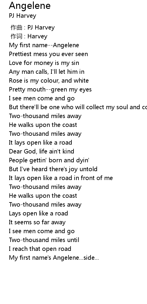 | [00:00.00] | zuò qǔ : PJ Harvey |
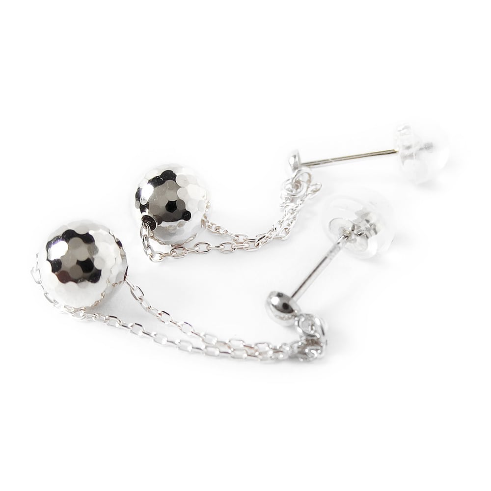 ピアス チェーン カットボール プラチナ Pt900 地金 シンプル スタッド 左右セット レディース ダブルロックキャッチ
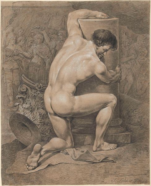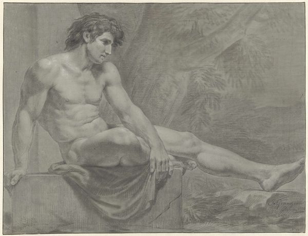 Editor: Here we have Pompeo Batoni's "Vulcan in His Forge," painted around 1750. What strikes me immediately is the intense focus in Vulcan's gaze, even amidst the heat of the forge. What do you see in this piece? Curator: Beyond the immediate drama, I see a commentary on labor, class, and even masculinity within the context of 18th-century social structures. Vulcan, a god, is relegated to the role of craftsman, perpetually toiling. His powerful physique becomes an emblem of forced labor, not divine strength. Do you think Batoni is glorifying him or questioning his position? Editor: That's a compelling point. I initially saw his physique as heroic, but framed that way, it speaks to a more complicated narrative of enforced servitude, of being bound to labor regardless of inherent power or status. Curator: Exactly. Think about who would have commissioned such a piece. Likely someone from the aristocracy, perhaps even engaging in their own kind of "labor" managing vast estates and extracting wealth from others' toil. There's a real power dynamic at play. How does the dark, almost claustrophobic background contribute, in your opinion? Editor: It heightens the sense of confinement, doesn’t it? The forge becomes a prison, not a place of creation. This piece challenges any romanticized notion of labor by emphasizing its oppressive qualities. Curator: Absolutely. And that reading opens up interesting avenues for thinking about class and power not just in the 18th century, but even now. Editor: I'll definitely view this differently now. It's much more than just a mythological scene; it's a statement about societal structure.

_____

» Work required:
Minus its pictures, the full listing should be copied verbatim.

» Response:
 | [00:00.00] | zuò qǔ : PJ Harvey |
 ピアス チェーン カットボール プラチナ Pt900 地金 シンプル スタッド 左右セット レディース ダブルロックキャッチ
 Editor: Here we have Pompeo Batoni's "Vulcan in His Forge," painted around 1750. What strikes me immediately is the intense focus in Vulcan's gaze, even amidst the heat of the forge. What do you see in this piece? Curator: Beyond the immediate drama, I see a commentary on labor, class, and even masculinity within the context of 18th-century social structures. Vulcan, a god, is relegated to the role of craftsman, perpetually toiling. His powerful physique becomes an emblem of forced labor, not divine strength. Do you think Batoni is glorifying him or questioning his position? Editor: That's a compelling point. I initially saw his physique as heroic, but framed that way, it speaks to a more complicated narrative of enforced servitude, of being bound to labor regardless of inherent power or status. Curator: Exactly. Think about who would have commissioned such a piece. Likely someone from the aristocracy, perhaps even engaging in their own kind of "labor" managing vast estates and extracting wealth from others' toil. There's a real power dynamic at play. How does the dark, almost claustrophobic background contribute, in your opinion? Editor: It heightens the sense of confinement, doesn’t it? The forge becomes a prison, not a place of creation. This piece challenges any romanticized notion of labor by emphasizing its oppressive qualities. Curator: Absolutely. And that reading opens up interesting avenues for thinking about class and power not just in the 18th century, but even now. Editor: I'll definitely view this differently now. It's much more than just a mythological scene; it's a statement about societal structure.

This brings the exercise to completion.